# e8400 overclock



## temprahater (Jul 14, 2012)

Did a simple OC from 3.0 to 3.2 from something i found online , is there anyway to OC anymore without replaceing the stock cooler ?


----------



## Tyree (May 10, 2009)

What temps do you see under load?
It's not a good idea to OC using the OEM heatsink or lower quality components.
PC Specs?
Prebuilt- Brand Name & Model Number
Custom Build- Brand & Model of Mobo-CPU-RAM-Graphics-PSU


----------



## greenbrucelee (Apr 24, 2007)

with a stock cooler you should not overclock at all

please list your components as asked for by Tyree.

Lastly I have an e8400 and if yours is the g0 stepping model then you have a good chip for overclocking but you must get an aftermarket cooler. I have been running mine at 4GHz for nearly 6 years.

Read my guide http://www.techsupportforum.com/forums/f273/how-to-overclock-a-core-2-duo-or-quad-637592.html


----------



## helios19 (Nov 25, 2008)

greenbrucelee said:


> Read my guide http://www.techsupportforum.com/forums/f273/how-to-overclock-a-core-2-duo-or-quad-637592.html


Out of curiosity, what are the preferred room temps for running an E8400 @4GHz on air? (what are your room temps?)

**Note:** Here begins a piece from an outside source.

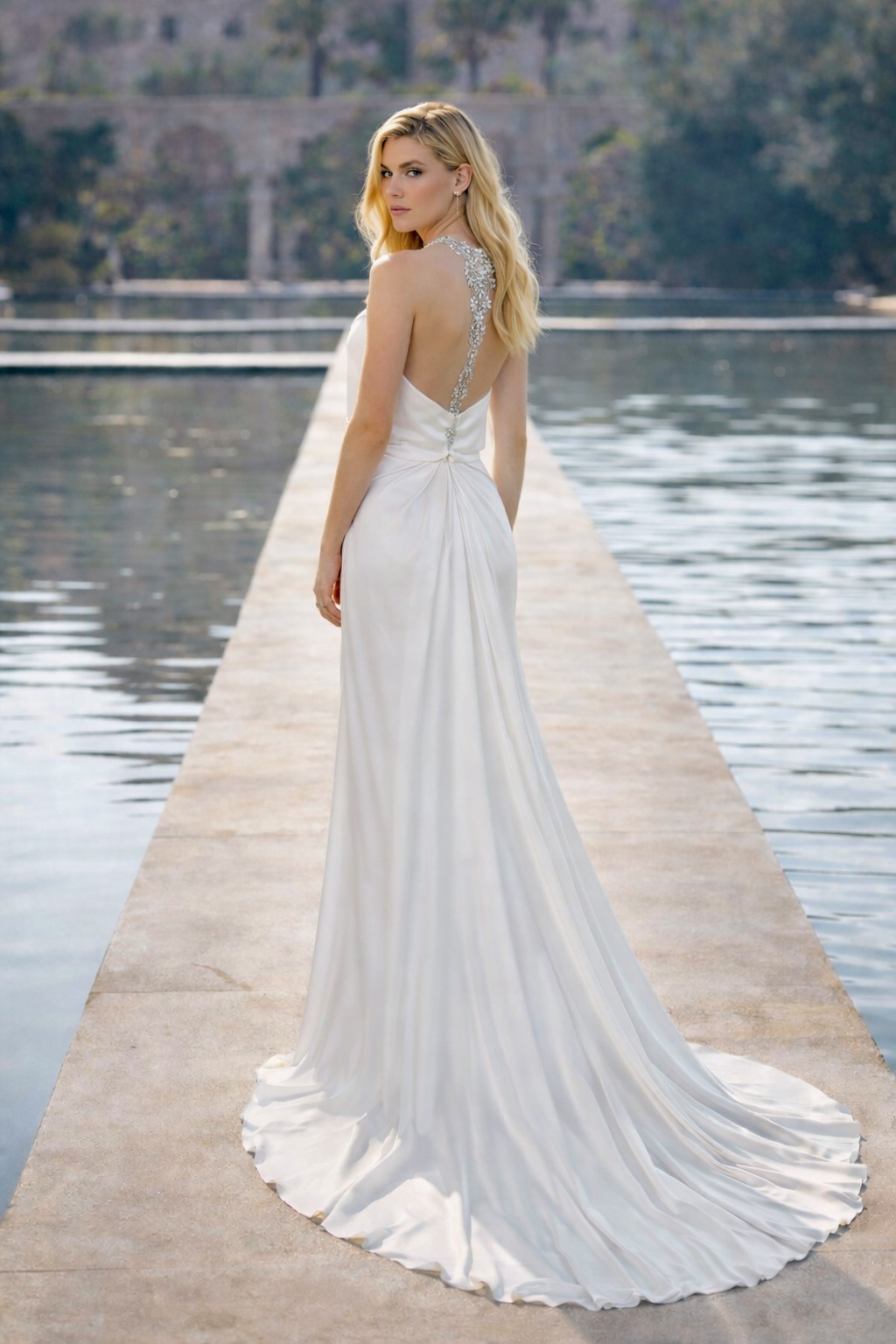 Výrazným prvkem jsou otevřená záda s jemně zdobeným průkrčníkem, která vytvářejí elegantní kontrast k splývavé přední části. ESQUIRE jsou ideální volbou pro nevěstu, která hledá nenucenou noblesu, pohodlí a vytříbený styl.

Sorry for steering off topic. :whistling:


----------



## Johnny1982 (Oct 15, 2010)

helios19 said:


> Out of curiosity, what are the preferred room temps for running an E8400 @4GHz on air? (what are your room temps?)
> 
> Sorry for steering off topic. :whistling:


The thing with overclocking is that no two chips will give the same overclock. I got my I3-550 (yes I know it's a newer chip) also overclocked to 4,10ghz and where I stay it gets like over 30c most days in summer. Had a E2160 (overclocking dream) that I also overclocked, but could only get 2,70ghz in summer and on occasion 3,00ghz in winter.


----------



## helios19 (Nov 25, 2008)

Yeah, well my room heats up like crazy in Summer... has hit 40+ degrees Celsius before... so I guess I shouldn't expect much if I were to OC personally.


----------



## tyza (Jun 9, 2008)

40c is like close to death D: and you're STILL OCING in that weather? gg xD


----------